Ainsi, la ville de Zurich a décidé de limiter l’usage des souffleuses – uniquement électriques – à la période automnale, comme le fait déjà le canton de Genève. En France, depuis quelques jours – le 4 juin -, l’usage des tondeuses à essence est interdit dans 23 départements durant plusieurs heures de la journée. Des communes, dont Paris, l’ont restreint, y compris dans les espaces publics. En Norvège, de nombreuses collectivités locales imposent déjà une transition vers l’électrique pour les prestataires de jardinage. En Grande-Bretagne, des initiatives prônant l’interdiction de la tonte en mai, et ce, pour préserver les pollinisateurs et protéger les fleurs sauvages – particulièrement importants durant ce mois de l’année -, gagnent du terrain. Cependant, c’est en Californie que le cap a été franchi avec l’interdiction totale des ventes et de l’utilisation de ces engins à essence depuis 2024 ; sans pour autant mettre un secteur économique à genoux, comme semble le craindre le Conseil fédéral.

Preuve en est que la transition progressive vers des appareils électriques – désormais matures, fiables et accessibles – est possible, car, contrairement à d’autres domaines, les alternatives existent pour les machines de jardin, tant pour les particuliers que pour les professionnels. Ce n’est pas compliqué de les mettre en place. C’est d’autant moins difficile que la motion stipule explicitement que le Conseil fédéral peut prévoir des accompagnements financiers afin de faciliter l’acceptation de cette mesure par la population.
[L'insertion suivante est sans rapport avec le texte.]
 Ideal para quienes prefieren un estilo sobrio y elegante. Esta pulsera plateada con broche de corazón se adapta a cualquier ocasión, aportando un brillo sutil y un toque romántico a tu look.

En dépit de l’objectif simple et atteignable de la motion, qui est de remplacer des machines polluantes par des alternatives propres, silencieuses et disponibles, le Conseil fédéral s’y oppose, car il voit un risque d’entrave au commerce. Or, cette mesure ne vise que les ventes de nouveaux appareils, ce qui laisse le temps d’adapter l’offre et n’affecte pas celles et ceux qui possèdent aujourd’hui un modèle à essence. La date de fin de 2025 envisagée dans cette motion, qui date – je le rappelle – de 2023, peut bien sûr être repoussée à 2027, 2028 ou à quand cela sera possible. Le gouvernement évoque également l’essence alkylée comme solution propre. Or, cette essence n’en reste pas moins un produit fossile qui n’élimine ni les nuisances sonores ni l’exposition des utilisateurs au gaz d’échappement.
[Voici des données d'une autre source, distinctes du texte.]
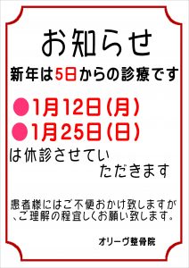 来年も皆様の健康に貢献できるよう全力でサポートさせていただきますので引き続きオリーヴ整骨院をよろしくお願いいたします。
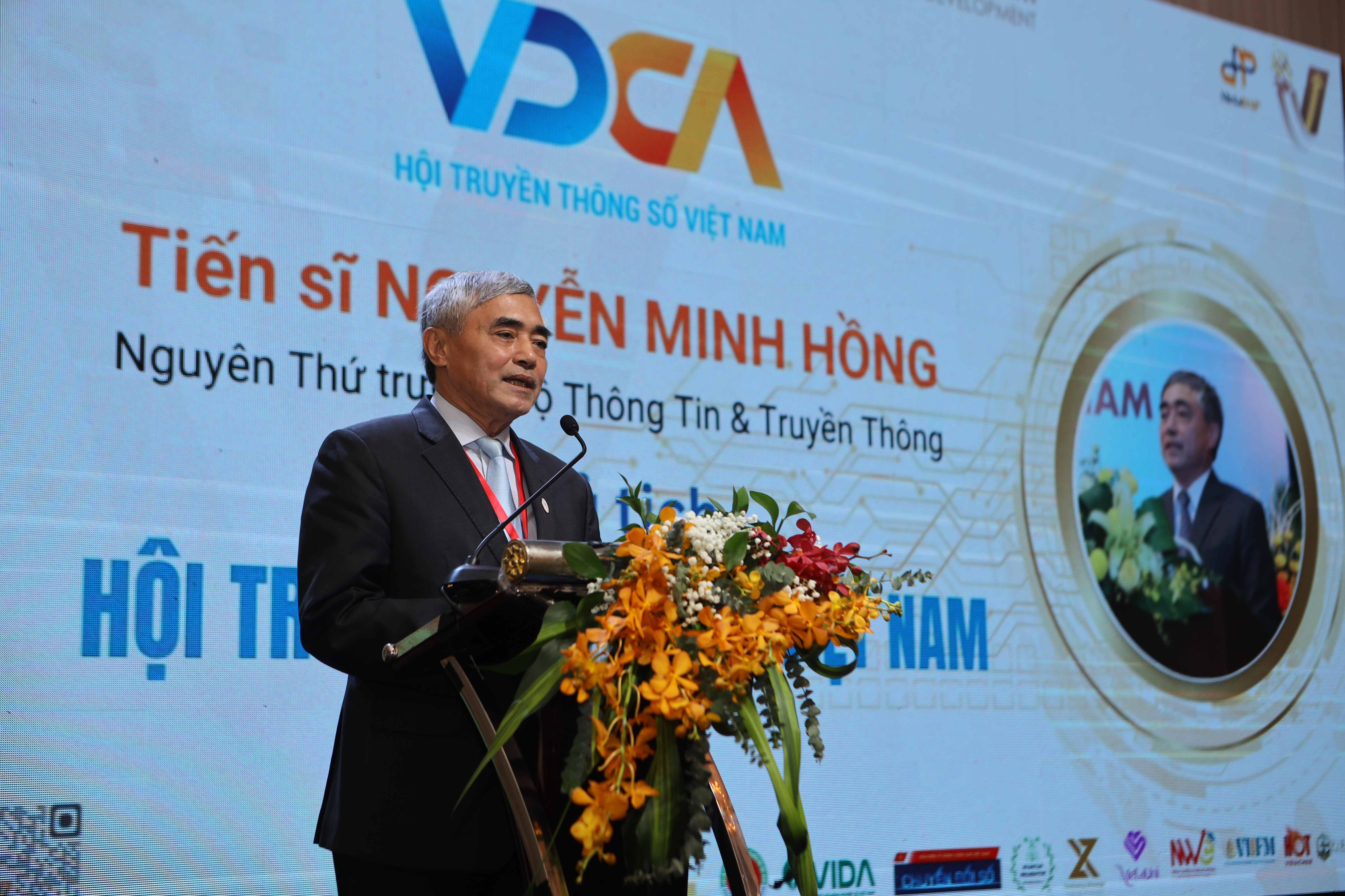 Tiến sĩ Nguyễn Minh Hồng, Nguyên Thứ trưởng Bộ Thông tin và Truyền thông, Chủ tịch Hội Truyền thông số Việt Nam phát biểu chúc mừng.

De manière générale, il apparaît que les normes en vigueur sur le bruit et la qualité de l’air ne suffisent pas. Elles ne prennent pas en compte les effets cumulatifs de ces appareils dans des quartiers résidentiels de plus en plus densément peuplés. Elles laissent la charge de la preuve et de la plainte aux citoyens. Ce n’est pas une politique proactive qui devrait placer les obligations constitutionnelles de la Confédération, que sont la protection de la santé et la protection de l’environnement, au coeur de cette discussion.

Vous le voyez : cette motion est une opportunité de transition rapide, sans perte économique, sans changement d’habitude brutal pour les citoyens et qui procurerait des bénéfices immédiats – meilleure qualité de l’air, diminution du bruit et réduction concrète, même modeste, de notre dépendance aux énergies fossiles.
Merci de soutenir cette motion en ayant à l’esprit que ce sont bien sûr les petits ruisseaux qui font les grandes rivières, car c’est bien la somme de ces petits gestes qui nous permettra, en définitive, d’atteindre nos objectifs climatiques.